Las anécdotas con él durante mi vida son peculiares, no son de cariño entrañable. Una vez me regaló un reloj, y como yo lo usaba con ropa formal y en esa ocasión no lo andaba, yo le expliqué mis causas, entonces me dijo que tenía que aceptar nuestra condición de pobre, -Somos pobres y nos vestimos como pobres. Me dijo.
Cuando trabajaba en San Salvador dormía en nuestra casa, entonces en una de esas temporadas quemó un plato de mi mamá porque lo agarró de cenicero.
En otra ocasión me dijo que los mentirosos no heredarán el reino de los cielos, mi mamá no llegó a visitarlo y ella le había dicho que llegaría.
Otro recuerdo que tengo es de la vez que bajo una fuerte lluvia mi abuelo llevaba a mi hermano Carlos en los hombros y yo iba corriendo a la par, nos agarró la tormenta cuando íbamos al entierro de una primita. Entonces, que sale mi abuela, la mamá de mi papá y le dice:
-Mire como va mojando al niño, (mi hermano), no ve que se va enfermar- Mi abuelo no le contestó y seguimos corriendo. Pero me dijo: -Tu abuela es bien enojada- aquello me dio risa porque él también era enojado.

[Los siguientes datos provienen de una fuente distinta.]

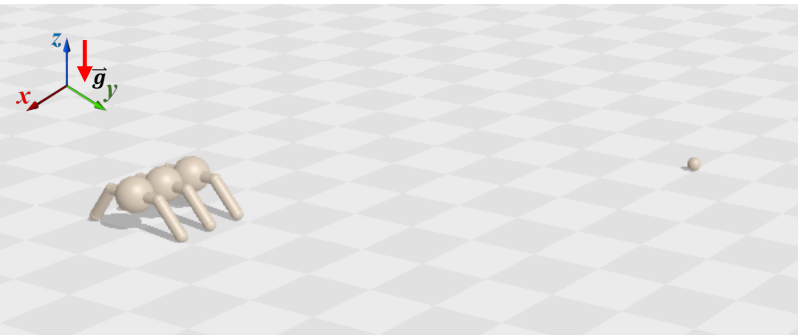
Training on 0^\circ
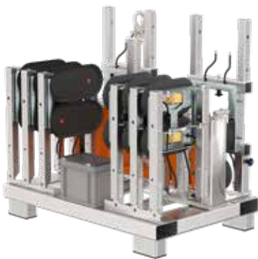
TRANSPORT FRAME Easy to transport (optional)
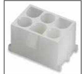
Vertical Polarization Header in Glow Wire Compliant Material
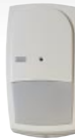
Pinhole lens camera

A low cost, small discreet camera designed to blend into any small business or residential environment.
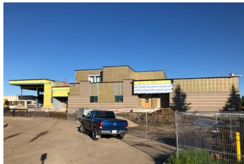
A picture of the school in early June (left) compared to August (right) reveals considerable progress on the new school addition
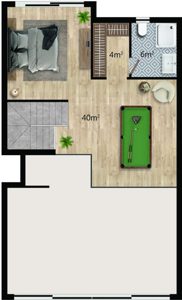
3+1 DUPLEX TYPE A - FLOOR PLAN ELYSIUM 2
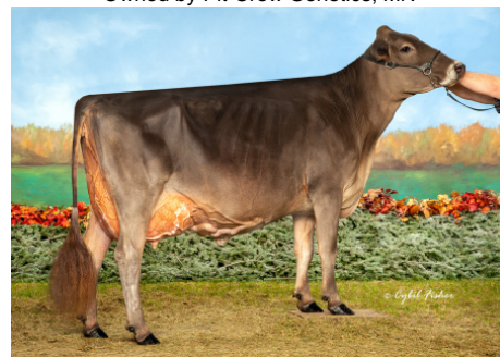
Pit-Crew Rich Prankster ET ALL AMERICAN 4 YEAR OLD 2021 Owned by Pit-Crew Genetics, MN
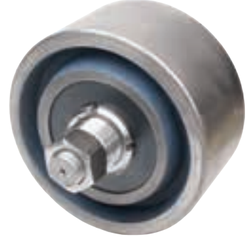
SD-103 | Roller 245x130x120 Complete
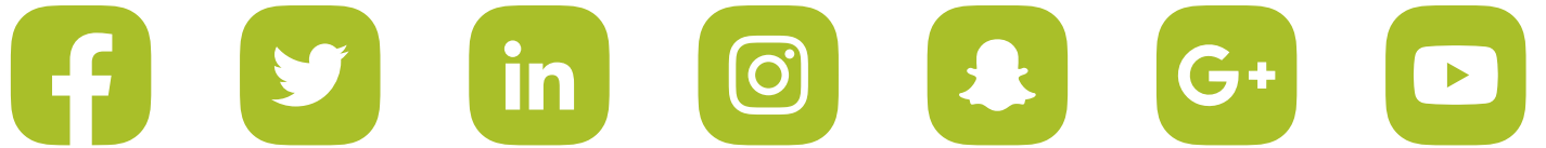
Michigan Farm Bureau (on light backgrounds)

Siempre había que revisarle el teléfono para los tonos, el volumen, y borrarle los mensajes de sus conquistas. Eso sí, muy rudo y todo, pero le gustaban las novelas. Constantemente me molestan con eso porque a mí también, -Igual que tu abuelo sos de novelero-
Cuando alguien dice que no puede hacer algo, imitamos su voz, a él no le gustaba un no por respuesta.
Ahora bien, la segunda vez que me hizo llorar no fue su muerte, sino que con su enfermedad perdió esa dureza que le caracterizaba. Había evitado verlo porque no soy muy bueno para acompañar a personas que sufren, sin embargo, una extraña necesidad me motivó. Así, lo vistamos el 1 de enero.
Cuando lo vi en su silla plegable fue como un extraño golpe en el pecho, es raro de describir, pero me provocó una especie de escalofrío. De pronto, les dijo a mi mamá y a mi tía Lupe -Ya no quiero estar aquí- esa era su voz, dura y ronca. Allí seguía mi abuelo, fuerte y luchador ante tan dura batalla física.
Luego, nos acercamos a él, para orar como acostumbramos con los enfermos. Escuchaba que oraban por sanidad, pero les soy honesto… yo no oré por eso; aquella agonía me motivó a suplicar por el descanso ante semejante penuria.
Cuando llegó el momento de retirarnos me puse frente a él para despedirnos, ese fue el segundo momento en que mi abuelo me hizo llorar. Con honestidad les digo que nunca me había quebrado así. Es extraño porque con el abuelo nunca tuve una relación tan cercana pero cuando clavamos las miradas sentí muchas emociones encontradas. No sé si me reconoció, pero su mirada fue certera y se clavó en la mía. Entonces, no pude controlarme y lloré en su pecho. Fue como una extraña explosión de pérdida e impotencia ante la vida.
El Reverendo Hugo Rogel decía que permanecemos a través de los descendientes, y pienso que no sólo de manera genética, viene una parte espiritual y de la esencia de la vida que queda en nosotros. Ahora reflexiono que esa parte de él en mí, la reconoció cuando lo vio postrado. Hoy que ha pasado de esta vida física, una parte de él permanece en mí y todos sus nietos.
A su manera sabía querer, le era difícil expresarlo con palabras. Cuando alguien fallece tendemos a dignificar a las personas. Pero, él era un ser humano como todos con su virtudes y defectos. Ojalá permanezca en mí su obstinación y lucha.
Muchas personas reniegan de sus orígenes, pero creo que no es correcto. Yo pienso que una parte de mis habilidades tienen que depender de mi abuelo. Pues, él no tuvo las mismas posibilidades, ¿Quién sabe que habilidades no pudo desarrollar y yo las llevé a cabo? Nunca lo sabré, pero estoy aquí porque él formó parte de esa cadena interminable de la vida.
Hace unos meses cuando aún no había enfermado nos preguntó – ¿Y por qué se muere la gente pues? Eso quiero saber-. Aquel era un momento inoportuno. Una de mis tías le contestó, no sé si la respuesta le fue útil. Pero, deseo de corazón que encuentre la respuesta que yo no le pude dar. Fui su primer nieto, y puedo decir que mi abuelo se llamó Eladio Reyes, o como le decíamos, el abuelo Layo.